Start of Supplied data

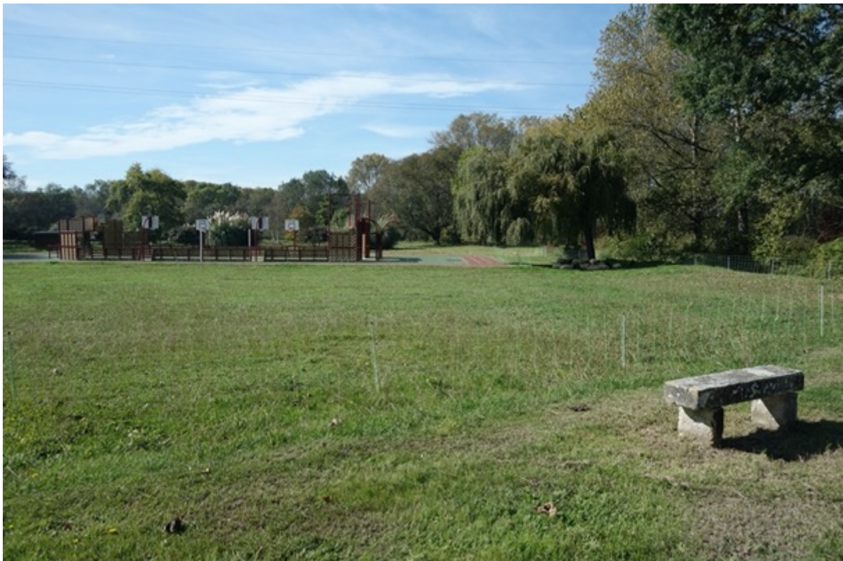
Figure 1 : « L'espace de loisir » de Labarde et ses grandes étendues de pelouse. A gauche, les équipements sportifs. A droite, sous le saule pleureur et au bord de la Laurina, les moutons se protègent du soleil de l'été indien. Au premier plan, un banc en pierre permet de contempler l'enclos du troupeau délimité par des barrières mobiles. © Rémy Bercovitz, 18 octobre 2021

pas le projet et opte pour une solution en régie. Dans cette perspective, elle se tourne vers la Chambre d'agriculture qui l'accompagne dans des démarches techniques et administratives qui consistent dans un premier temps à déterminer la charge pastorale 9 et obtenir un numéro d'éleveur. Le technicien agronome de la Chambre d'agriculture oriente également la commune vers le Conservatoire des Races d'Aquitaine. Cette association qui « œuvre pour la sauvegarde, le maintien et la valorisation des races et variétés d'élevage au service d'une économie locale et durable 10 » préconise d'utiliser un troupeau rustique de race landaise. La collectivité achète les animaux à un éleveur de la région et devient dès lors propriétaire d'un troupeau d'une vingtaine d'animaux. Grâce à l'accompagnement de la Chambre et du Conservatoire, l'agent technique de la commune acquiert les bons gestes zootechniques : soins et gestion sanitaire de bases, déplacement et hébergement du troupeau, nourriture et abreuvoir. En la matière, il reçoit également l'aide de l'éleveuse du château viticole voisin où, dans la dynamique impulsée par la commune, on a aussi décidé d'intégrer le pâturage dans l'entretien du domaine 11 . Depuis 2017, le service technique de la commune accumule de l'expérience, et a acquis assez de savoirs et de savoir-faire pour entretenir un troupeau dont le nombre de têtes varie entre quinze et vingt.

End of Supplied data
Start of Supplied data

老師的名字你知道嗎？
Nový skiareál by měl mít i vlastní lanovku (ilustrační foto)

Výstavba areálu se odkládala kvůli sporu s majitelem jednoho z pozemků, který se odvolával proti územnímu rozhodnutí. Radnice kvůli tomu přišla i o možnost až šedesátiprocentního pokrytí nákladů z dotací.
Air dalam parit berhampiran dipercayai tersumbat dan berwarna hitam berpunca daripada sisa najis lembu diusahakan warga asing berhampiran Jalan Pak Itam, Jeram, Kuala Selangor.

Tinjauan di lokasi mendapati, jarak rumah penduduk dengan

End of Supplied data
Start of Supplied data

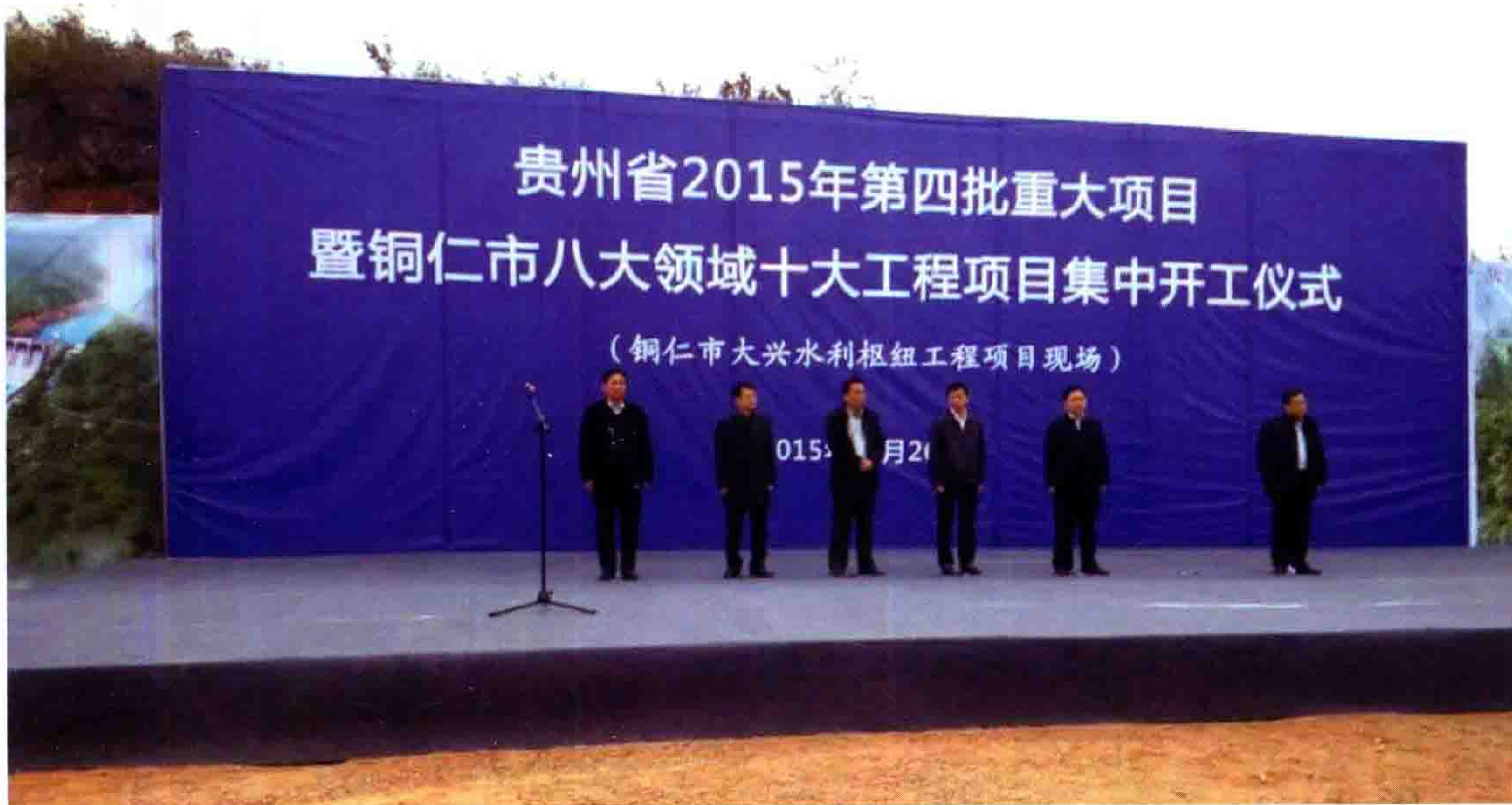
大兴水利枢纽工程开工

End of Supplied data

* What you should do
From the records above, quote only the lines running from the line with "18 octobre 2021" to the line with "pas le projet", both lines included.

* Expected answer
Figure 1 : « L'espace de loisir » de Labarde et ses grandes étendues de pelouse. A gauche, les équipements sportifs. A droite, sous le saule pleureur et au bord de la Laurina, les moutons se protègent du soleil de l'été indien. Au premier plan, un banc en pierre permet de contempler l'enclos du troupeau délimité par des barrières mobiles. © Rémy Bercovitz, 18 octobre 2021

pas le projet et opte pour une solution en régie. Dans cette perspective, elle se tourne vers la Chambre d'agriculture qui l'accompagne dans des démarches techniques et administratives qui consistent dans un premier temps à déterminer la charge pastorale 9 et obtenir un numéro d'éleveur. Le technicien agronome de la Chambre d'agriculture oriente également la commune vers le Conservatoire des Races d'Aquitaine. Cette association qui « œuvre pour la sauvegarde, le maintien et la valorisation des races et variétés d'élevage au service d'une économie locale et durable 10 » préconise d'utiliser un troupeau rustique de race landaise. La collectivité achète les animaux à un éleveur de la région et devient dès lors propriétaire d'un troupeau d'une vingtaine d'animaux. Grâce à l'accompagnement de la Chambre et du Conservatoire, l'agent technique de la commune acquiert les bons gestes zootechniques : soins et gestion sanitaire de bases, déplacement et hébergement du troupeau, nourriture et abreuvoir. En la matière, il reçoit également l'aide de l'éleveuse du château viticole voisin où, dans la dynamique impulsée par la commune, on a aussi décidé d'intégrer le pâturage dans l'entretien du domaine 11 . Depuis 2017, le service technique de la commune accumule de l'expérience, et a acquis assez de savoirs et de savoir-faire pour entretenir un troupeau dont le nombre de têtes varie entre quinze et vingt.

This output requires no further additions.